Predicting Crime Levels with Cellular Automata

8 min readDec 27, 2019

Part 1. Background

There have been many attempts to model the geographic distribution of crime and which environmental and social factors affect crime levels. These models range from statistical models to system dynamics models to geographic models. Space-time clusters were used by Bowers and Johnson (Ref. 1) to draw some conclusions regarding the likelihood of additional crime in a region near a recently committed crime. Some, such as the Risk Terrain Modeling of Caplan and Kennedy (Ref. 2), combined the environmental factors of a specific location with the social information to look at the spatio-temporal correlations between successive robbery attempts.

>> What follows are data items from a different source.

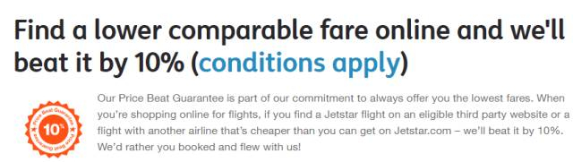 如果其他航空公司在同一航线,相近时间段的机票价格比Jetstar低,那么Jetstar会给予你该航空公司票价的9折!使用Price Beat需要至少提前一周喔!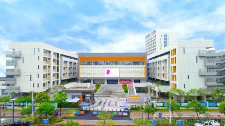 深圳实验坪山学校,总用地面积3.87万平方米,总建筑面积7.91万平方米,为54班九年一贯制学校,可提供2520个学位,2024年首次招生。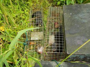 Another problem with cage trapping mink is human interference. Cages do not need to be covered in anyway if trapping in a secure location, but they do need to be hidden and disguised in some way if they are used in areas of public access. Hidden in bank-side vegetation, cages can be very hard to spot by members of the public who may not share your enthusiasm for pest control and they should remain undisturbed. The problem arises when they contain a very active and vociferous trapped mink. For this reason, frequent checks should be made of the cages, and always at first light before the public are up and about and any occupants humanely dispatched. As pest controllers we have a duty of care to any animal whilst it is under our control and unnecessary stress is to be avoided at all times. Take care when dealing with a trapped mink as they can strike with lightning speed and a carelessly placed finger can be an inviting target, as I once found out to my cost. When choosing a suitable cage for mink trapping, try and go for a larger and more robust type. I like the old double-entry Fenn cages as this makes it easy to place the bait behind the treadle. When placing bait inside the cage, it is sensible to wire it down and to make sure it sits well in from the edges. If the bait is touching the cage sides, a mink will often try and pull the bait from outside the cage instead of going in through the front door.

Many of these studies draw a number of similar conclusions. Namely 1) crimes clustered within 1–2 months of a previous crime, 2) crimes tended to cluster up to 300–400 meters of a prior crime, 3) repeat victimization tended to occur in more deprived areas, 4) space-time clustering was more evident in affluent areas.

Thus any attempt at modeling crime has to allow crime to go up and go down in both time and space.

One area that seemed to have been explored but not matured was the use of cellular automata to model and predict crime. Liang and Liu in ref. 3, for example, describe the utilization of cellular automata in crime prediction but don’t go on to show simulation or prediction data.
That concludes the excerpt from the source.